The concept of multiplicity
Simplifying the definition, we can say that the ratio of one number in relation to another shows how many times the first number is greater than the second. Thus, the fact that one number is a multiple of another actually means that more of them can be divided into less without a trace. For example, a multiple of the number 3 is 6.
This understanding of the term "multiplicity" involves deducing from it several important consequences. The first one is that any number can have unlimited multiples of numbers.
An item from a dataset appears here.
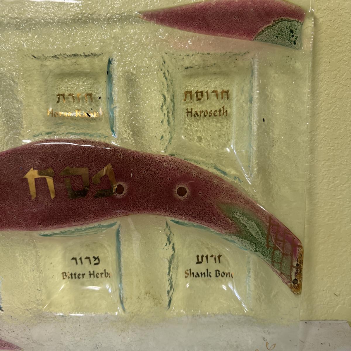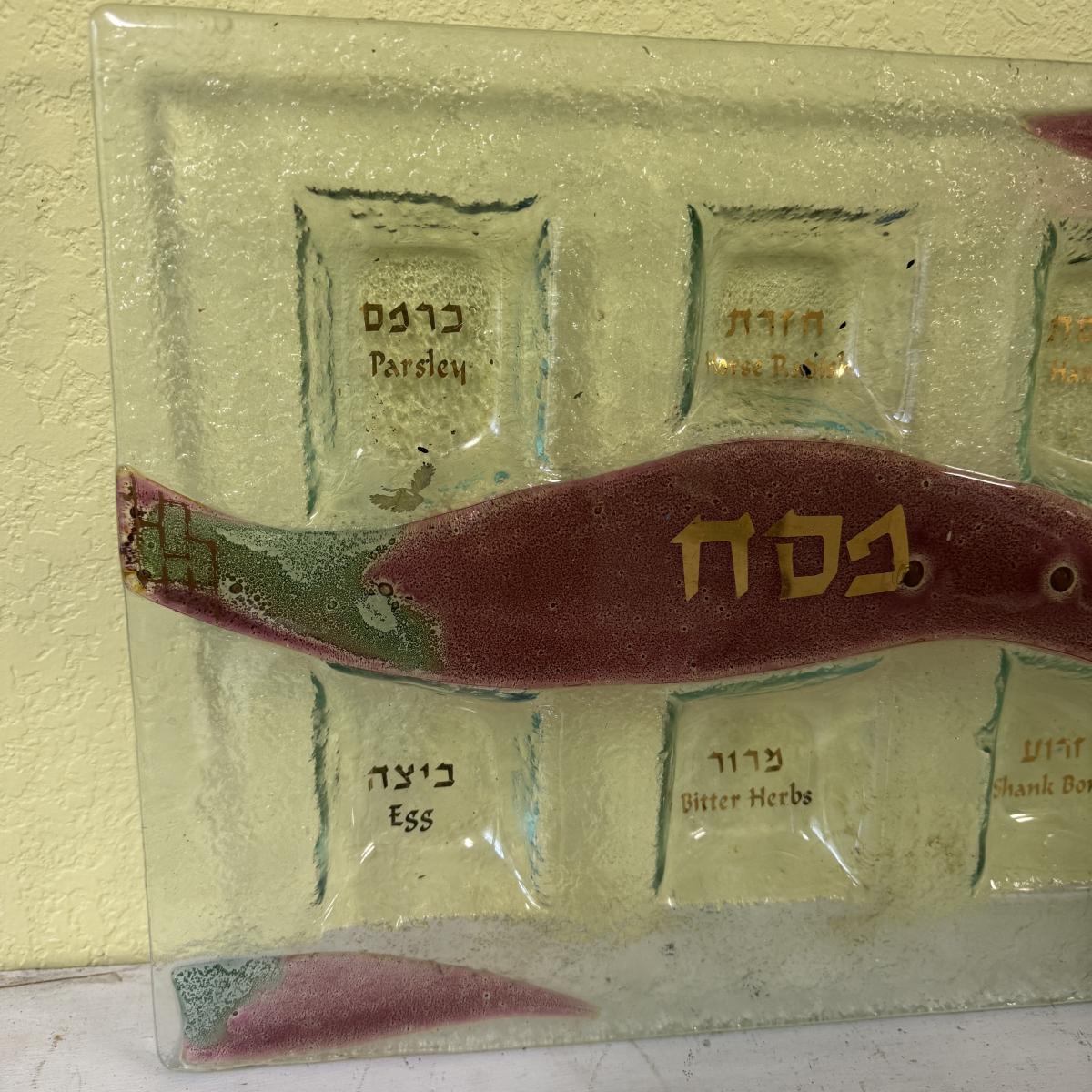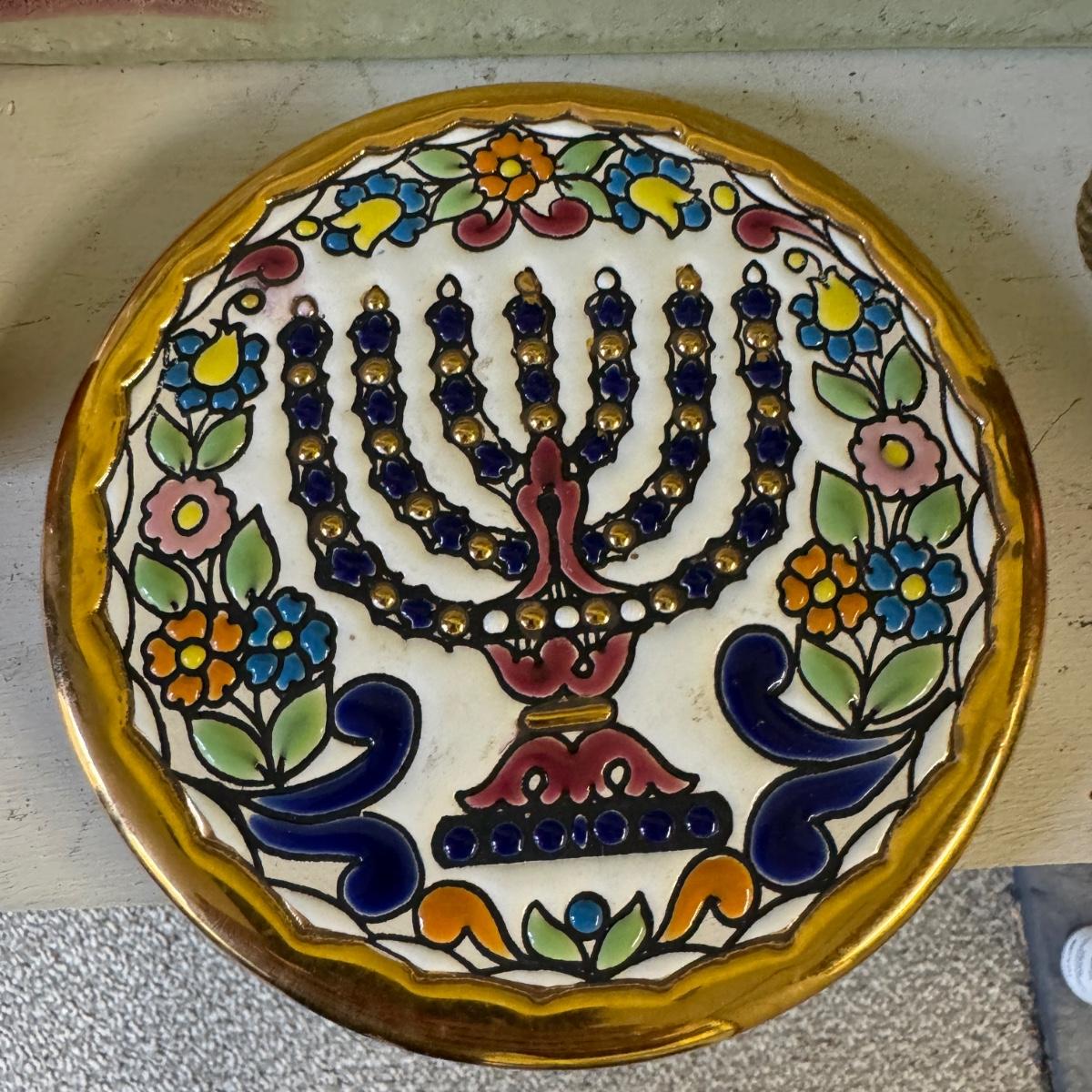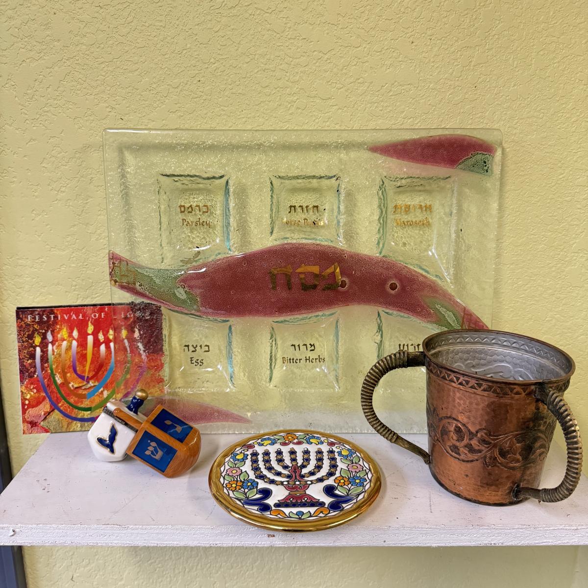 An assortment of items to celebrate Jewish faith. Includes 6 yamakas, trivet, CD, metal two handled mug, 2 dreidels and a signed Glass platter that measures 14.5” x 12”. Shipping available

This is due to the fact that in order to obtain a multiple of a certain number another number will first be multiplied by any positive integer, which, in turn, there is an infinite set. For example, a multiple of 3 are 6, 9, 12, 15 and others, derived by multiplying the number 3 by any positive integer.
The second important property concerns the definition of the smallest integer that is a multiple of the considered. So, the smallest multiple of any number is the number itself. This is due to the fact that the smallest integer result of dividing one number by another unit, namely, the dividing a number by itself and provides this result. Accordingly, the number of atoms under consideration cannot be less than the number itself. For example, for number 3 the smallest multiple of a number is 3. To determine the largest number that is a multiple of the considered virtually impossible.
Multiples of 10
Multiples of 10 have all the listed properties along with other multiples. So, from these properties it follows that the smallest number that is a multiple of 10 is the number 10. In this case, since the number 10 is two digit, it can be concluded that a multiple of the number 10 can only be a number consisting of not less than two characters long.
To get other numbers that are multiples of 10, the number 10 must be multiplied by any positive integer. Thus, the list of numbers that are multiples of 10, enter the numbers 20, 30, 40, 50 and so on. You should note that all numbers must be evenly divisible by 10. To determine the largest number that is a multiple of 10, as in the case with other numbers, it is impossible.
In addition, please note that there is a simple practical way to determine whether a particular multiple of the number in question 10. To do this, you should find out what is its last digit. So, if it is equal to 0, the number is a multiple of 10, ie it can be divided without a remainder by 10. Otherwise, the number is not a multiple of 10.